The Obama administration is asking the Supreme Court to reaffirm the right of public universities — particularly competitive and prestigious ones — to consider race as a factor in admissions decisions. This welcome and forceful endorsement of affirmative action comes in a friend-of-the-court brief filed by the Justice Department in a case challenging admissions policies at the University of Texas at Austin.
The fact of the administration’s intervention may be more influential than its specific arguments, which reflect the somewhat convoluted reasoning the court has adopted in upholding racial preferences in university admissions. For example, the brief by Solicitor Gen. Donald B. Verrilli Jr. emphasizes that Texas considers race as “one factor among many” in a “holistic” admissions process and does not engage in racial quotas.
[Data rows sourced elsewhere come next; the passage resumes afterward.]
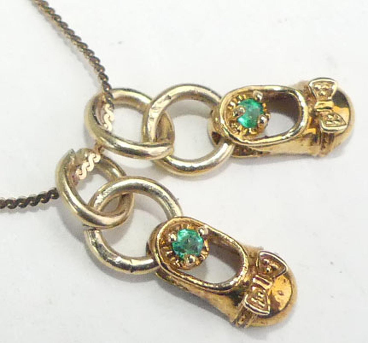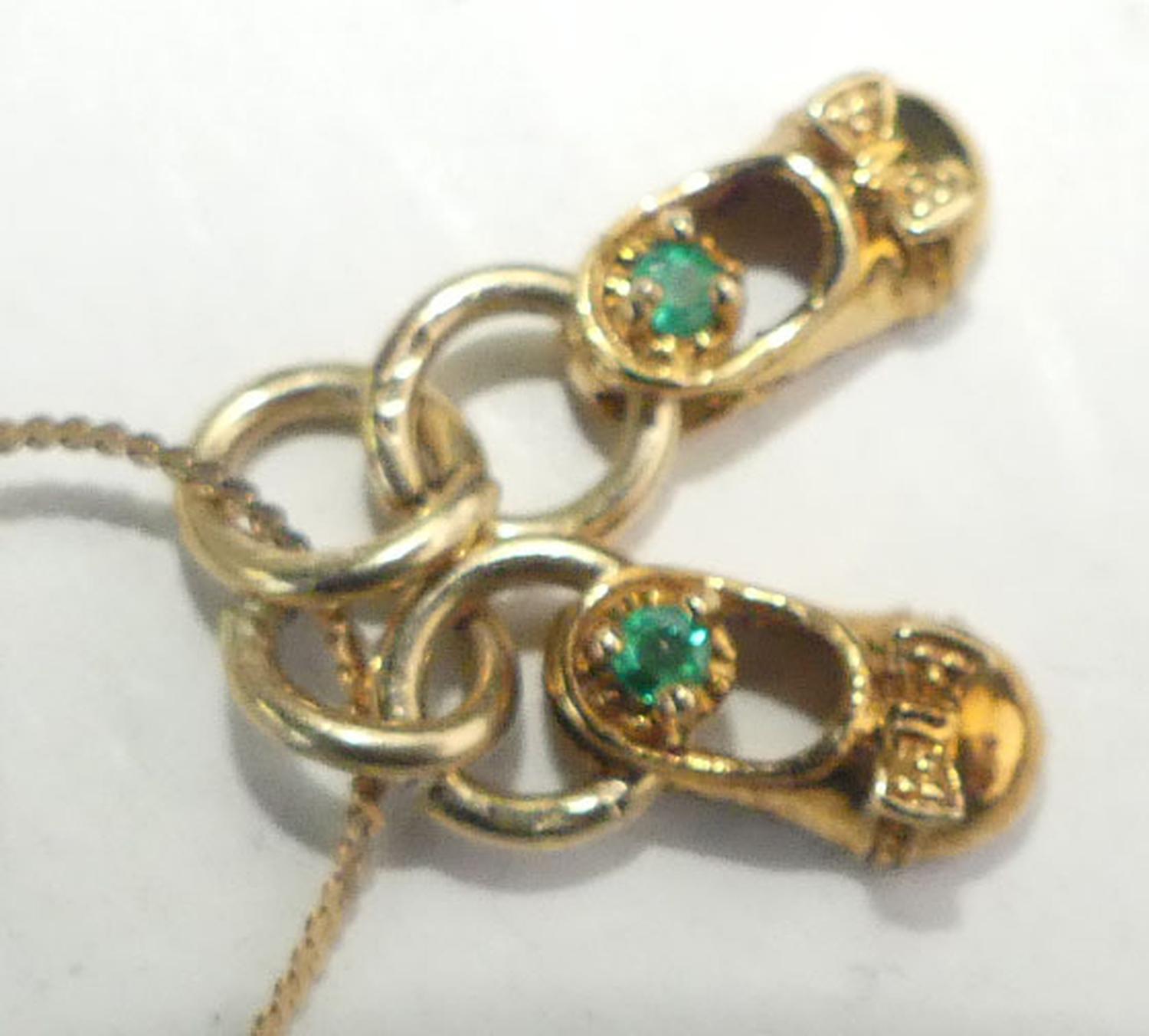 10k yellow gold baby shoe charm pendant necklace, set with emeralds, 16" in length, 2.8 grams
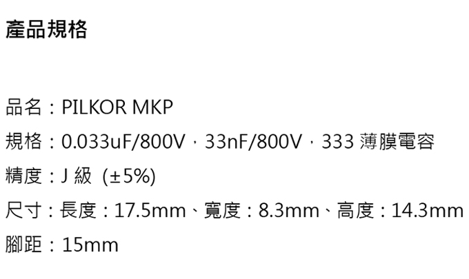 MKP 0.033uf/800v P15 5% 17.5*8.3*14.3MM
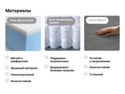 Пена Balance foam – пластичный наполнитель, который умеет адаптироваться под фигуру и её линии, создавая тем самым очень комфортное место сна.

True enough, but as the brief also acknowledges, Texas seeks to enroll a “critical mass” of minorities, a process in which “statewide demographics” may be relevant. Critical mass is necessary if African Americans and other minorities are to be represented in significant numbers in settings, such as university ROTCs, that prepare young people for leadership.
One of the most persuasive arguments for some racial preferences is that the underrepresentation of African Americans in the ranks of the highest-achieving college applicants is inseparable from this country’s legacy of racial discrimination. Far from offending the 14th Amendment’s guarantee of equal protection of the laws, such policies are consistent with that amendment’s paramount objective of overcoming the effects of slavery.
The problem is that, beginning with the court’s 1978 decision in the Bakke case from California, affirmative action has been based on a different rationale: that including students from different backgrounds enhances everyone’s educational experience. That “diversity” justification, which looms large in the administration’s brief, is valid as far as it goes. But it gives insufficient weight to the persistent racial disparities in income and education that continue to put minority applicants at a disadvantage.
However it is defended, the constitutionality of affirmative action is the law of the land. The administration’s brief convincingly argues that Texas’ plan satisfies the requirements spelled out by Justice Sandra Day O’Connor in a 2003 ruling upholding an affirmative action plan at the University of Michigan Law School. In that decision, O’Connor wrote that a critical mass of minority students promotes “cross-racial understanding” and helps to break down racial stereotypes.
Since then, O’Connor has been replaced by Justice Samuel A. Alito Jr. Yet an important precedent shouldn’t fall simply because of a personnel change on the court. Chief Justice John G. Roberts Jr.has been skeptical of race-conscious policies, but he also has acknowledged that there is a “jolt to the legal system” when a precedent is overturned. As the administration effectively argues, no such jolt is justified in the Texas case.